Lead shielding is used to contain radiation. The percentage of a certain radiation that can penetrate x millimeters of lead shielding is given by I(x) = 100e^−1.5x. What percentage of radiation, to the nearest tenth of a percent, will penetrate a lead shield that is 1 millimeter thick?
? %
(b) How many millimeters of lead shielding are required so that less than 0.02% of the radiation penetrates the shielding? Round to the nearest millimeter.
? mm
L(x) = 100*e^-1.5 = 100*0.22313=22.313 %
To find the percentage of radiation that will penetrate a 1 millimeter thick lead shield, we can substitute x = 1 into the given function I(x) = 100e^(-1.5x).
First, let's plug in x = 1 into the equation:
I(x) = 100e^(-1.5x)
I(1) = 100e^(-1.5(1))
I(1) = 100e^(-1.5)
I(1) ≈ 100(0.22313016014)
I(1) ≈ 22.313016014
So, approximately 22.3% (to the nearest tenth of a percent) of the radiation will penetrate a 1 millimeter thick lead shield.

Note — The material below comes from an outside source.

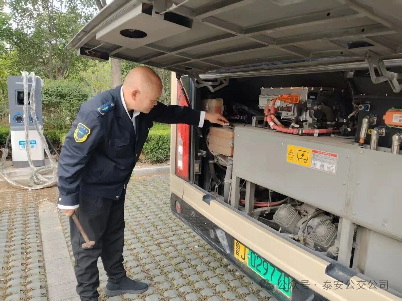 假期首日的泰安,天還未亮,想到假期激增的客流,聶升偉早早來到碧霞大街公交停車場,精神飽滿地投入到出車前的檢查中。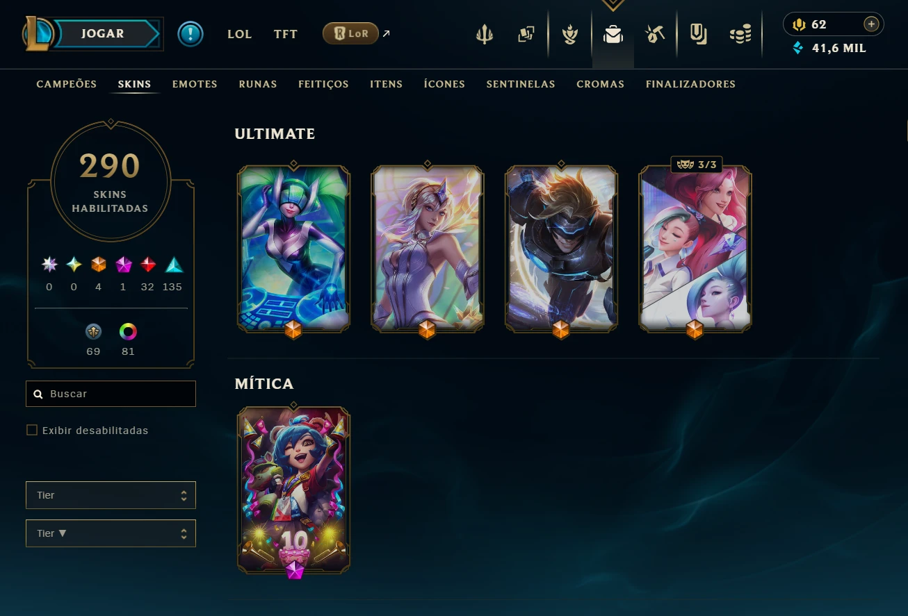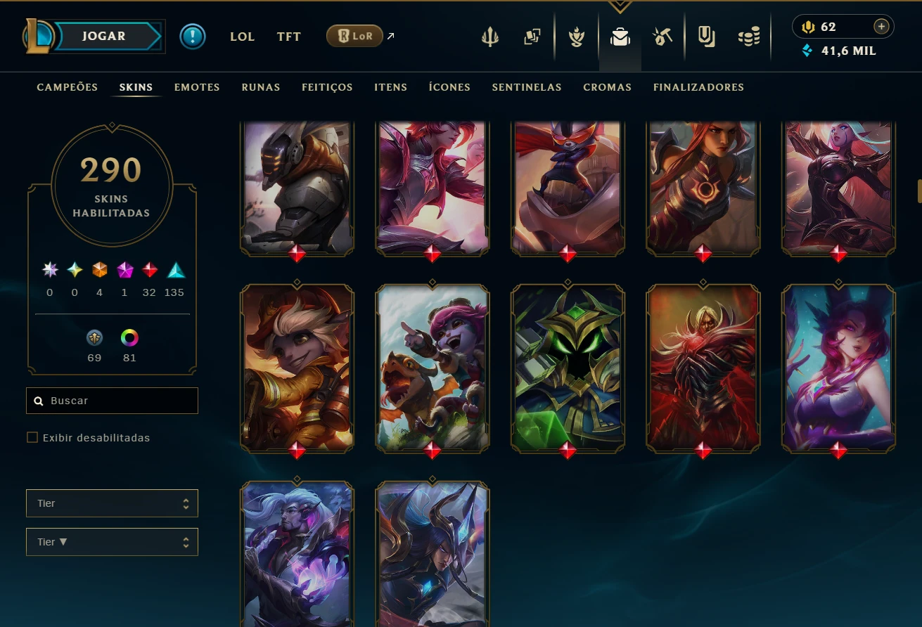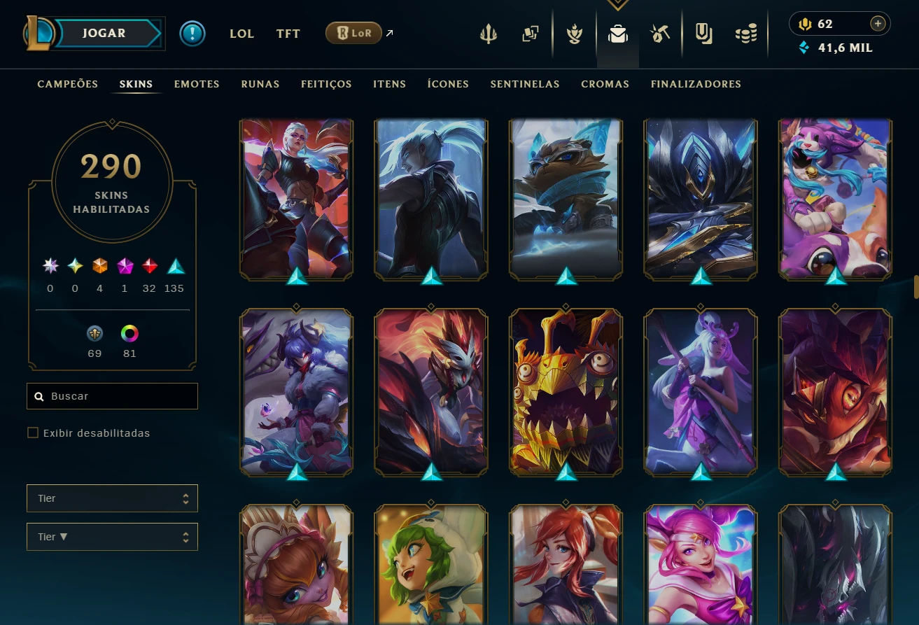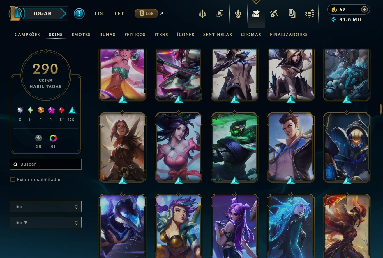 Conta league 290 skins todos campeões - conta no plat

Now, let's find the number of millimeters of lead shielding required for less than 0.02% of the radiation to penetrate the shielding. We need to solve the equation:
I(x) = 100e^(-1.5x) < 0.02
Since we need less than 0.02%, we can rewrite the equation as:
I(x) < 0.02, where I(x) is the percentage of radiation that penetrates the shielding.
Let's solve this equation:
100e^(-1.5x) < 0.02
Divide both sides by 100:
e^(-1.5x) < 0.0002
To solve for x, take the natural logarithm (ln) of both sides:
ln(e^(-1.5x)) < ln(0.0002)
Using the property of logarithms, ln(e^(-1.5x)) simplifies to -1.5x:
-1.5x < ln(0.0002)
Divide both sides by -1.5:
x > ln(0.0002) / -1.5
Using a calculator, we can find ln(0.0002) ≈ -8.51719319:
x > -8.51719319 / -1.5
x > 5.678128793
Since we are looking for the number of millimeters, we will round up to the nearest whole number. Therefore, less than 0.02% of the radiation will penetrate a lead shield that is 6 millimeters thick.